◆ **Data extract**:
======
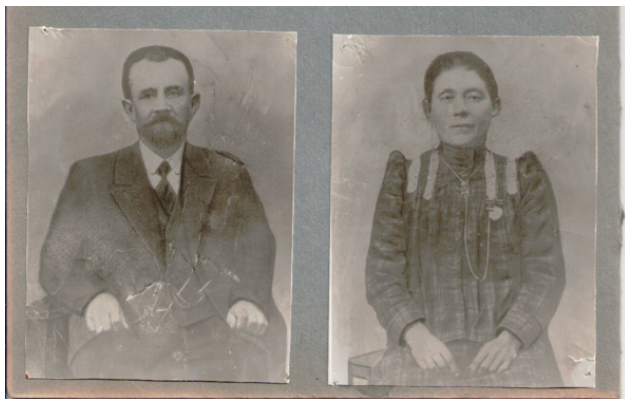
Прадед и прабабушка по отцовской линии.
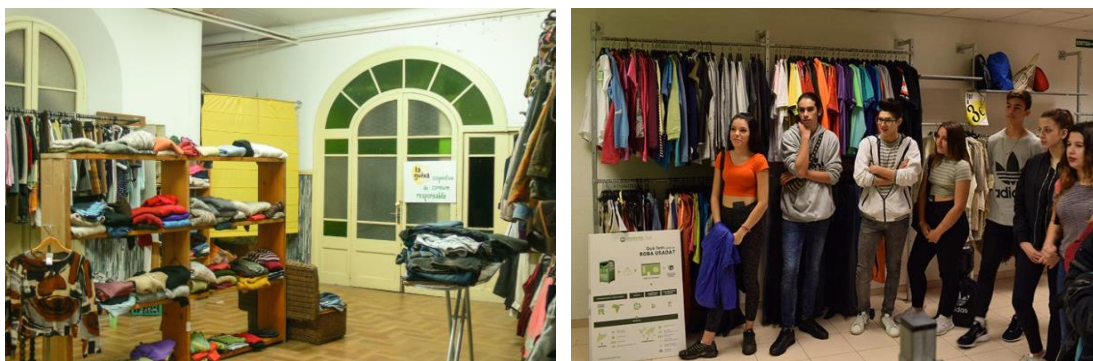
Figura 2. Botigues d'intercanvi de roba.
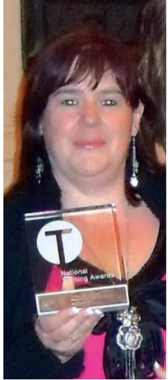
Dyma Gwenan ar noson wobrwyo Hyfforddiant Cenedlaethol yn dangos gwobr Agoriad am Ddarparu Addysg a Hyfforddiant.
======
◆ **Work item**: Your output should be the lines from the line containing "Figura 2. Botigues d'intercanvi de roba." through the last line of the listing above, restated exactly, with no pictures among them.

◆ **Solution to this exercise**:
Figura 2. Botigues d'intercanvi de roba.
Dyma Gwenan ar noson wobrwyo Hyfforddiant Cenedlaethol yn dangos gwobr Agoriad am Ddarparu Addysg a Hyfforddiant.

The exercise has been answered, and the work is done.